Some of this is due to my current frame of mind towards the world around me. In recent years, I have stopped participating in fantasy sports leagues and betting pools. I have shed the awful, time-sucking, cancerous yoke of social media from my life. I have tried—not always successfully—to cease obsessing over things and people that have no positive impact, beyond being entertaining, to my always restless brain.
The other problem I have with the Oscars is the complaints about the “lack of diversity” at this year’s Oscars.

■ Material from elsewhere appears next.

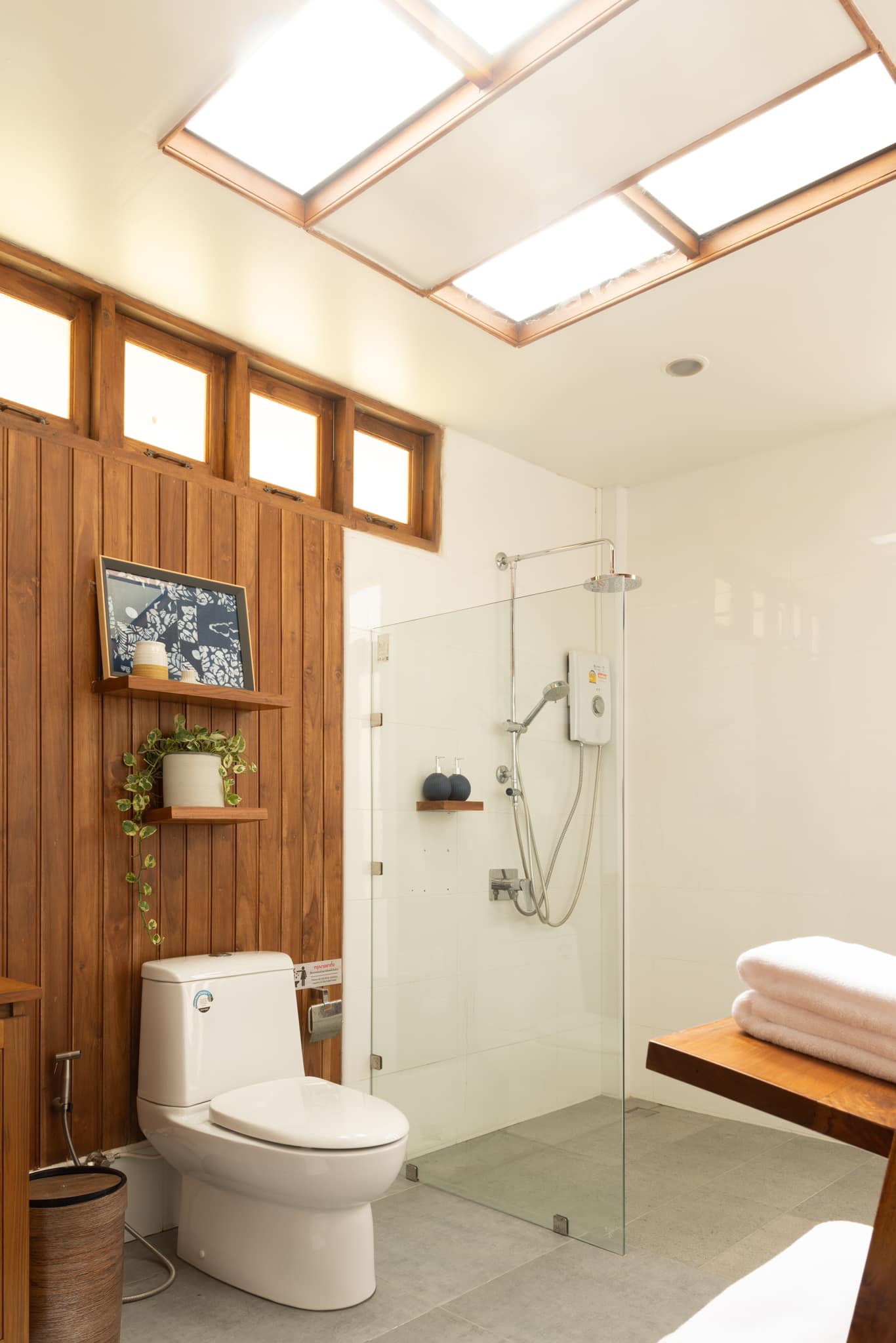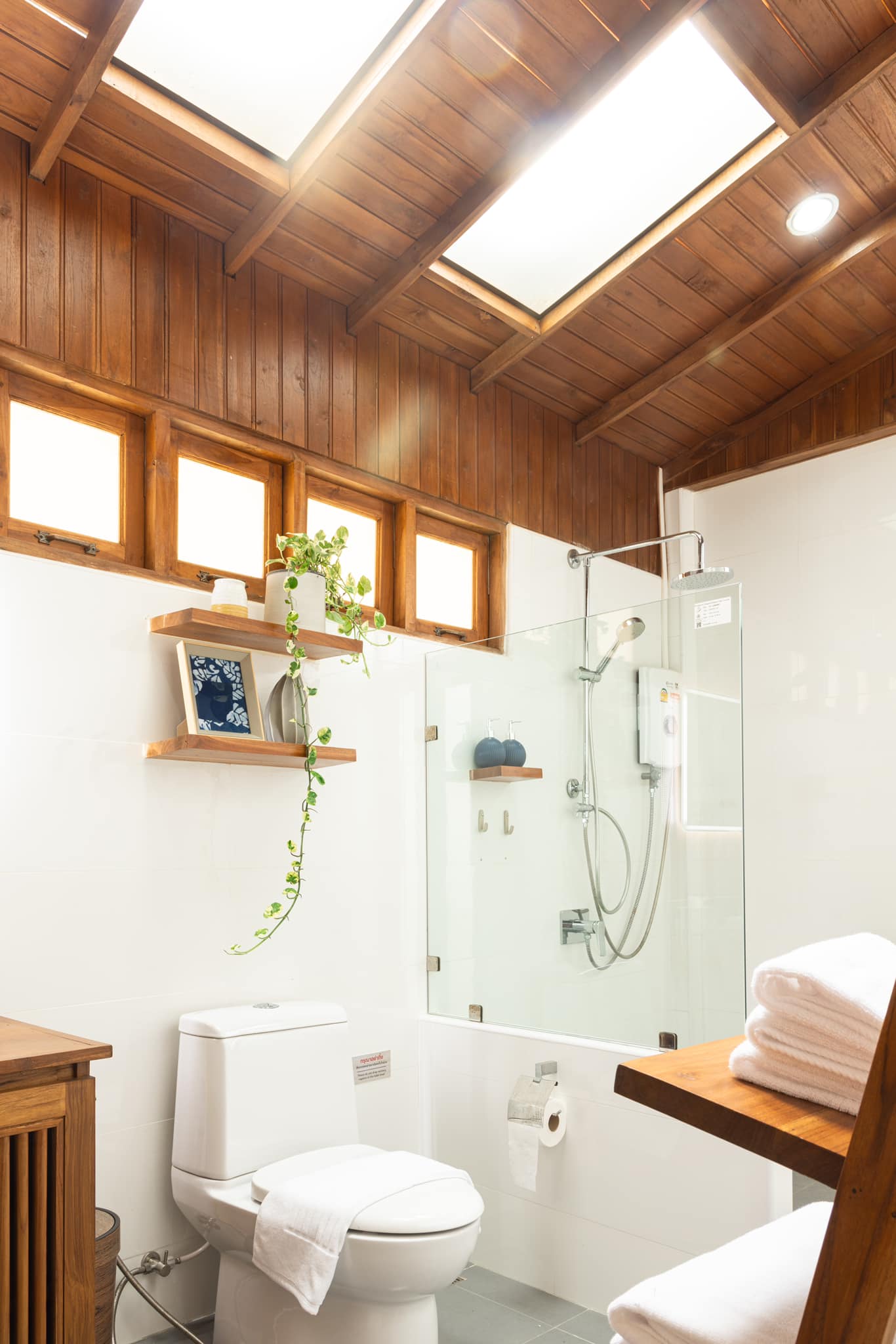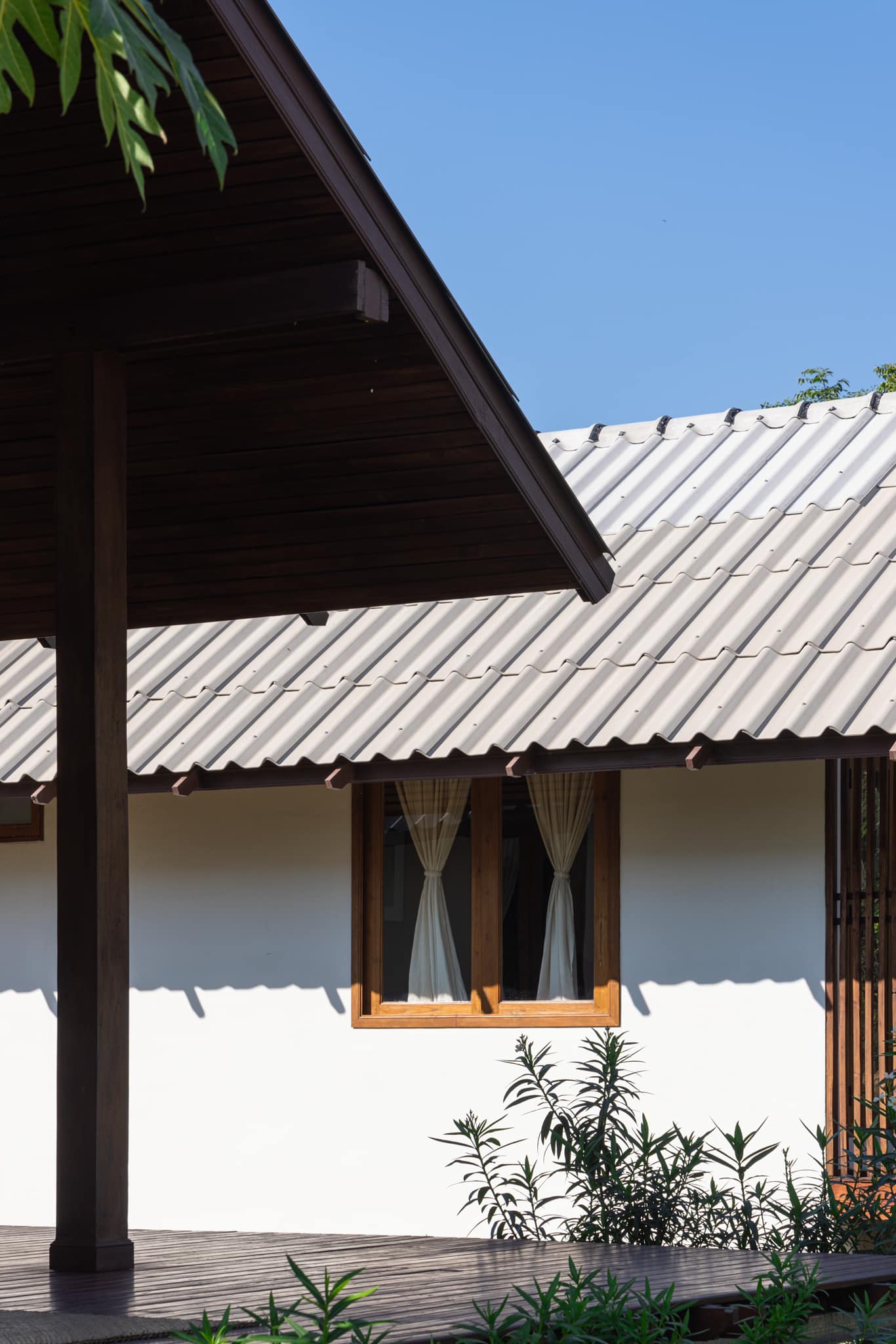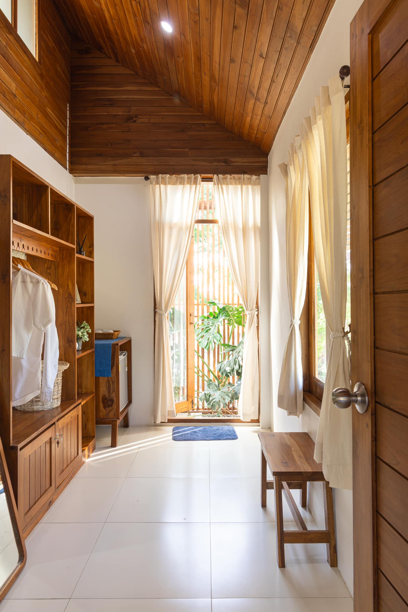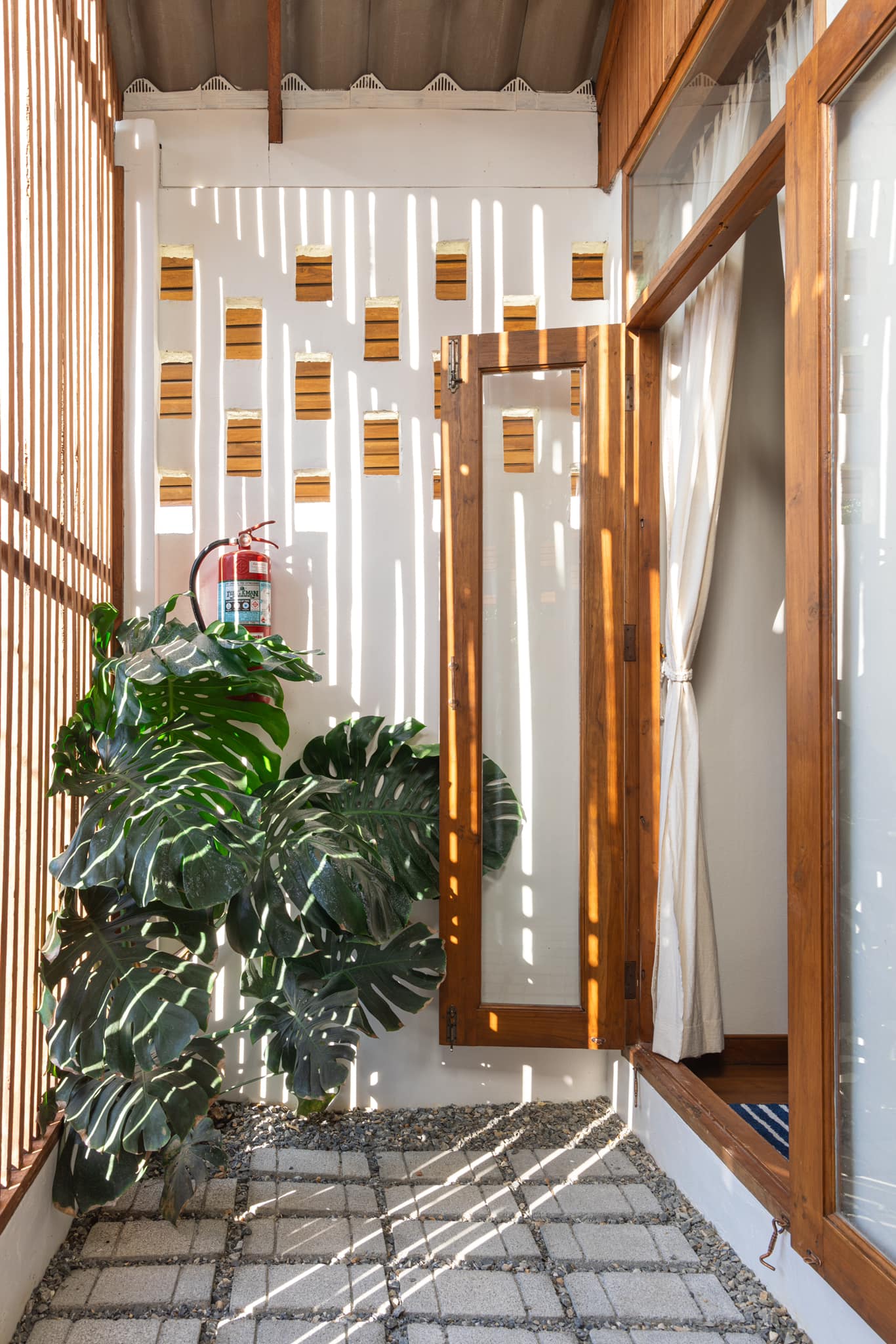บ้านมีลักษณะเป็นบ้านกึ่งไม้กึ่งปูน ยกพื้นเล็กน้อย หลังคาทรงจั่ว ให้ฟีลบ้านต่างจังหวัด ภายในมีช่องลมช่องแสงรอบบ้าน เพื่อให้ผู้พักอาศัยได้สัมผัสกับธรรมชาติตลอดวันไปเลย

Because the 20 nominees in the four acting categories are all white–the same was the case last year—many have decided that the Oscars are a symbol of the problem minorities face in Hollywood.
I refuse to watch an absurd awards show only to receive a sermon; not from a group of people who are politically liberal. Hollywood, and most notably, the Academy of Motion Picture Arts and Sciences, is made of a predominantly liberal body and electorate. They greenlight the films, cast them, and distribute them. If there truly is a lack of diversity in movies that receive Oscar nominations, it is because Liberal Hollywood, a proper noun and a redundancy, does not practice what it preaches.
Also, are not the Oscars supposed to be a blindly faithful exemplar of the theory of a meritocracy? Does not the Academy hold true that their awards are only to honor true excellence in filmmaking? Why is it that we all cannot accept that those who were nominated in a given year have white skin? That is who the Academy voters thought were the best.
I am not suggesting that the history of the film industry lacks racism. It most assuredly does not. The Academy also must take blame for much of racism that has plagued its awards ceremony in its nearly nine decades of existence. I just do not believe that every single frivolous event should be tainted with negativity based on superficial facts.
Critics of the Oscars on Twitter have fashioned the hashtag #oscarssowhite. They will watch the ceremony this Sunday for the sole purpose of bringing forth more negative bile into a world drowned in self-serving antagonism…because that is Twitter’s main mission. Twitter exists for nasty people to feed their desire to be sociopathic.
As for me, I may change my mind and watch the Oscars. A new episode of “The Walking Dead” is being shown against the ceremony. I do not like to DVR that show for any reason. I want to watch it live. I find it quite profound that the Zombie Apocalypse continues on regardless if the Oscars are on simultaneously or not. Zombies don’t care. On this matter, they might have the right attitude.